What is KinderGenome Medical Genetics?
KinderGenome Medical Genetics is a private clinical genetics practice based in Dallas, Texas, founded and led by Dr. Golder N. Wilson, MD, PhD. The practice specializes in pediatric and medical genetics, offering diagnostic evaluations, genetic counseling, and personalized care for individuals and families with genetic conditions.
Dr. Golder N. Wilson is a distinguished physician-scientist with over 50 years of experience in the field. He earned his PhD in biochemistry in 1970 and his MD in 1972 from the University of Chicago. Following residencies in pediatrics and medical genetics at the University of Michigan, he held academic positions at McGill University and the University of Texas Southwestern Medical Center, where he became a professor of pediatrics in the mid-1980s. He is currently a clinical professor of pediatrics at Texas Tech University Health Sciences Center in Lubbock, Texas.
Dr. Wilson's research interests include the genetic basis of connective tissue disorders, such as Ehlers-Danlos syndrome (EDS). He has contributed to studies analyzing the clinical and genomic data of EDS patients, aiming to better understand the underlying gene networks and improve diagnostic and management strategies.
In addition to his clinical and research work, Dr. Wilson is dedicated to genetics education. He has authored educational materials, including the book "Four Mothers: Four Faces of dis Ability," and has been involved in developing resources to make genetics more accessible to non-specialists.
For more information about KinderGenome Medical Genetics or to contact Dr. Wilson, you can visit their website at kinderggnome.biz.
Personalized Genetic Care from a Pioneer in Medical Genetics
KinderGenome Medical Genetics is a specialized clinic founded by Dr. Golder N. Wilson, MD, PhD—one of the most respected names in the field of medical genetics. With over 50 years of experience, Dr. Wilson provides comprehensive evaluations, genetic testing, and counseling tailored to each patient’s unique medical needs. The clinic focuses on pediatric and adult genetic conditions, helping individuals and families understand complex diagnoses and find personalized treatment options.

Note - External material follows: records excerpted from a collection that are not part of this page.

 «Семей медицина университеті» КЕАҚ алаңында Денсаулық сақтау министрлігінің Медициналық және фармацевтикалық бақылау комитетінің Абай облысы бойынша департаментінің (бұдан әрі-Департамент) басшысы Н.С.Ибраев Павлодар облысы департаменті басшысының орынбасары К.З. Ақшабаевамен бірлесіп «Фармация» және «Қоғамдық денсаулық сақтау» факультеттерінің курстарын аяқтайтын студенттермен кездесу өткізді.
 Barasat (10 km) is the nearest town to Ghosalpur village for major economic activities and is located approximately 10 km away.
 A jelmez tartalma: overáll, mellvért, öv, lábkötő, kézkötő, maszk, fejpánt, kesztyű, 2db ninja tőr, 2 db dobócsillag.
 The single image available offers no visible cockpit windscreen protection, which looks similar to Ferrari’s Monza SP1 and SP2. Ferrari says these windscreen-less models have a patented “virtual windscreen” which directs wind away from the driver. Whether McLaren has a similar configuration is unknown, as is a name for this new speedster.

Dr. Wilson's approach combines compassionate care with deep scientific insight. As a long-time educator and researcher, he not only treats patients but also empowers them with knowledge. His work in understanding disorders like Ehlers-Danlos Syndrome (EDS) and other connective tissue diseases has advanced the field significantly. At KinderGenome, patients aren’t just receiving medical care—they’re guided through their genetic journey with expertise and empathy.

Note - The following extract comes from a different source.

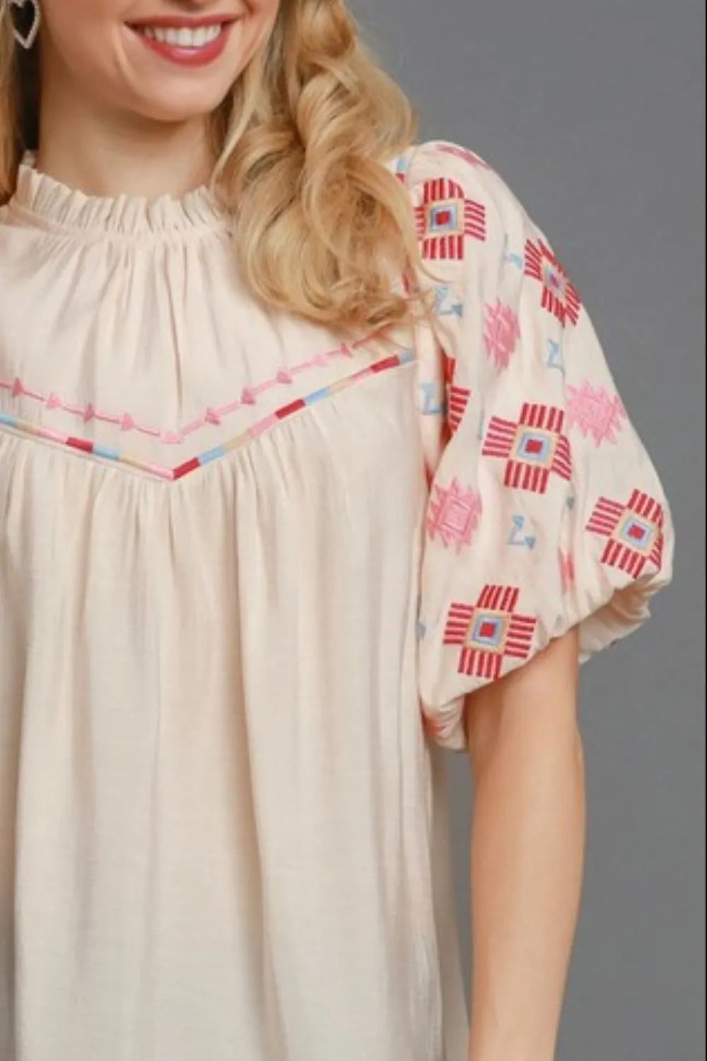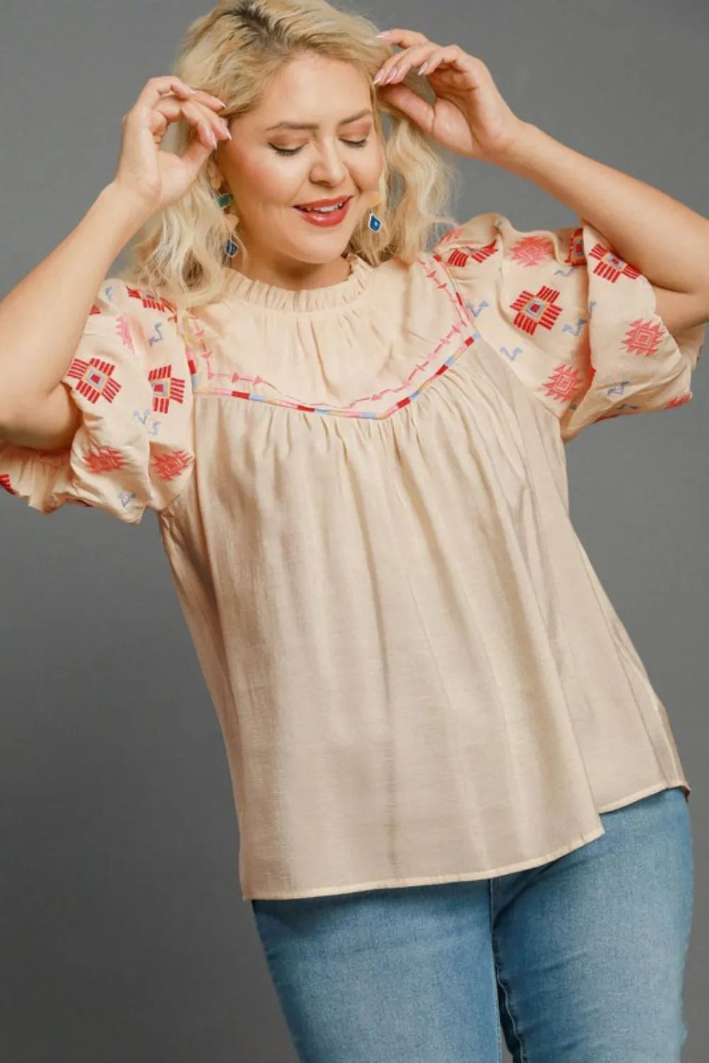 Umgee Full Size Embroidered Puff Sleeve Mock Neck Top Plus Size
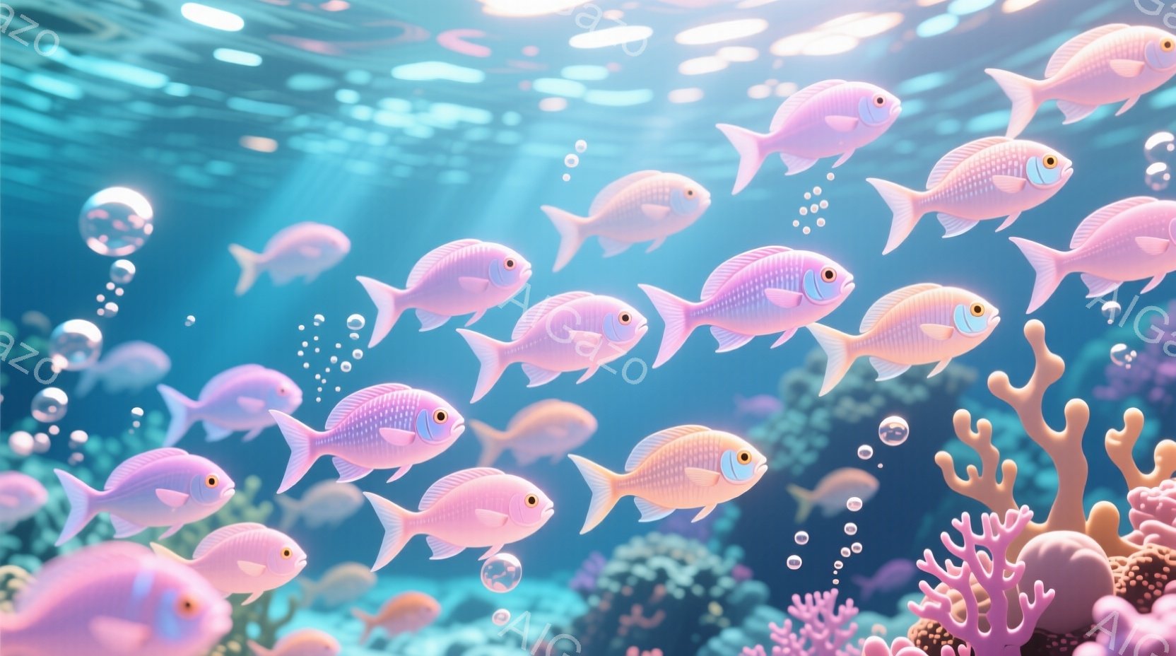ピンクとオレンジ色の魚の群れが水中で泳いでいる様子が描かれています。背景には、ピンク色のサンゴ礁や海藻が見え、水中に泡が浮かんでいます。全体的に穏やかで幻想的な雰囲気で、水中の美しい世界が表現されています。

About Golder Wilson MD, PhD
I received my MD and PhD degrees from the University of Chicago in 1972, and did residency/fellowship training at Boston Floating Hospital, the National Institutes of Health, and the University of Michigan. I have spent 42 years in academic medicine doing general pediatrics and genetics, becoming an endowed full professor of pediatrics during 14 years at UT Southwestern Medical Center and Children’s Medical Center of Dallas. In 2003, I began a private practice and continued academic work at the Texas Tech University Health Science Centers in Amarillo (Professor of Pediatrics, Obstetrics & Gynecology) and Lubbock (Clinical Professor of Pediatrics), now continuing the latter appointment to help with laboratory administration and genetic education. I emphasized research early in my career and was the first to report cloning of human DNA with my fellowship mentor Roy Schmickel in 1978, going on to conduct NIH-funded laboratory research on ribosomal RNA genes and peroxisomal disorders before focusing on clinical work in 1996.

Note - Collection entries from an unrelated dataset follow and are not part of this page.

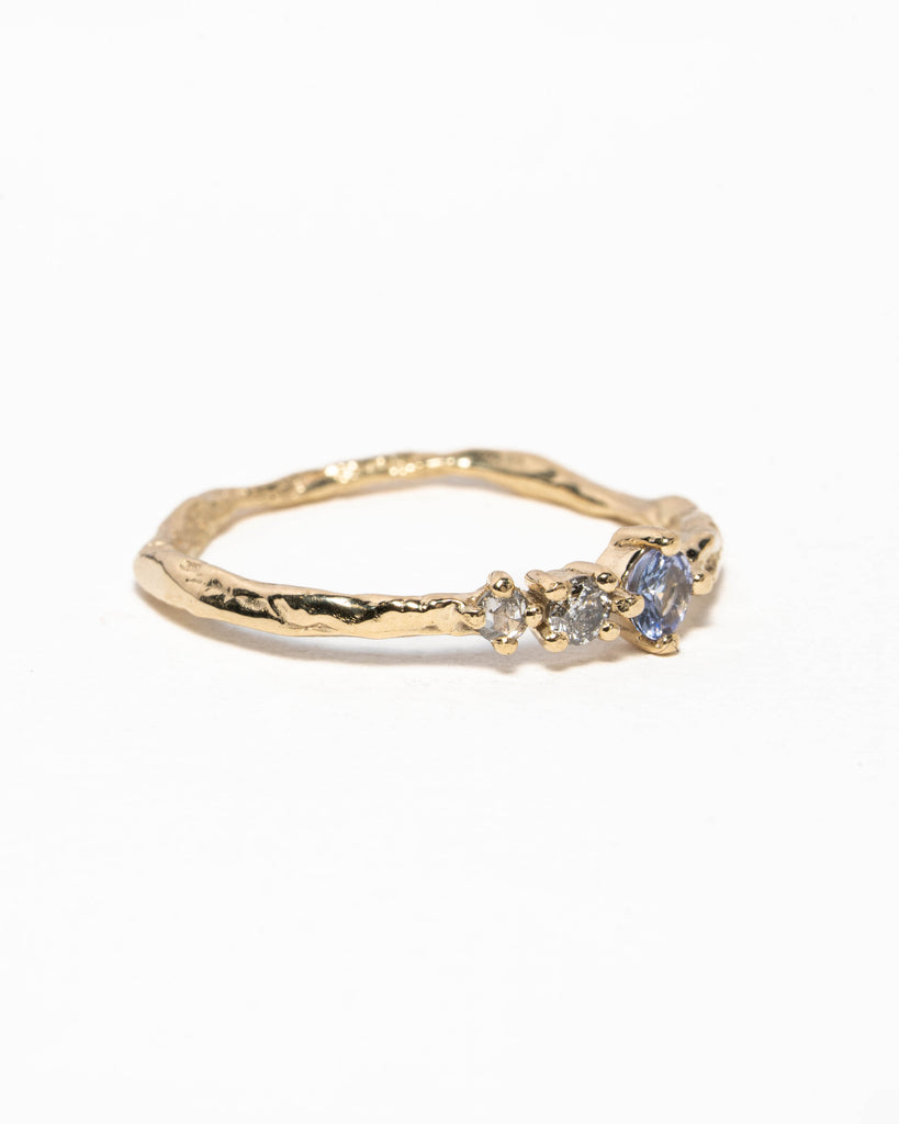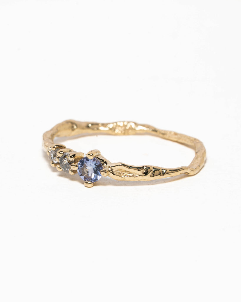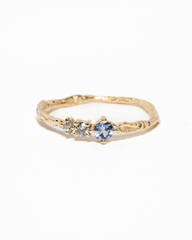 Feeny ring gemaakt van 14k geelgoud met lichtblauw tanzanietje en twee salt and pepper diamantjes. Mooi grillig en verfijnd.
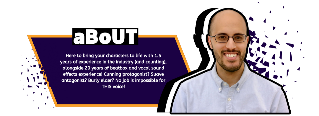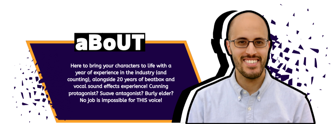 Beatboxing (20 years of experience; collaborated with Gene Shinozaki and Mark Martin)Accents: Arab, Scottish, British (RP/London), SpanishBaritone range; can perform teenage, adolescent, young adult, and senior voicesAbility to add raspiness for grittier rolesCan apply all listed accents naturally into character work
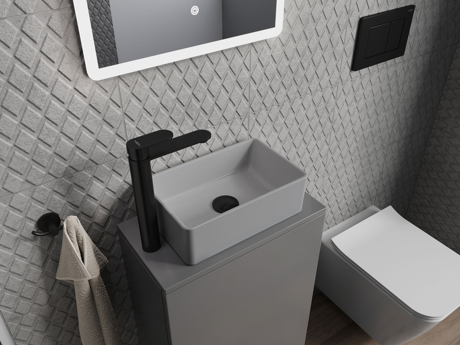 Матовата повърхност на керамиката перфектно подчертава естеството на цвета на продукта, придавайки му уникален и изразителен завършек. Фината структура на матовата керамика въвежда елегантност в банята, създавайки естетическо пространство.
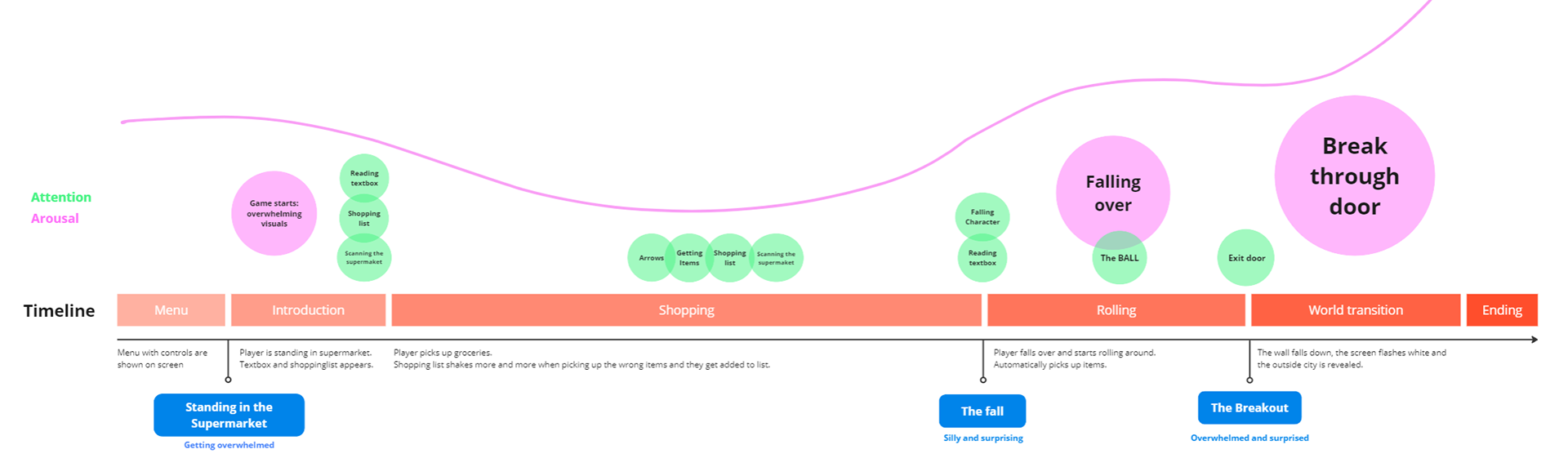 We mapped the intended experience arc and tested it using FACS and GSR analysis, tracking real player reactions. The data confirmed big spikes in excitement during the supermarket breakout! As Art Director, I tuned color, composition, and visual pacing around these emotional peaks, making sure they amplified the experience we wanted players to have.

My experience in general pediatrics has directed my genetic subspecialty practice toward promoting the medical home as managed by all-important primary physicians, exemplified by my book Preventive Management for Children with Genetic Conditions: Providing a Primary Care Medical Home, 2nd Edition published by Cambridge University Press in 2006 with developmental pediatrician W. Carl Cooley. This perspective has prompted many articles for physician education including a house staff manual on genetics and development and those written or edited in my role as a member of the Board of Consultants for the widely circulated journals Consultant for Pediatricians and now its parent Consultant. I have also been active in parent education and am proud to have worked with the Down Syndrome Guild of Dallas in establishing and coordinating a Down Syndrome Clinic at Children's Health that promoted a positive image of children with Down syndrome and educated many about their preventive health care. I hope to continue the same with EDS.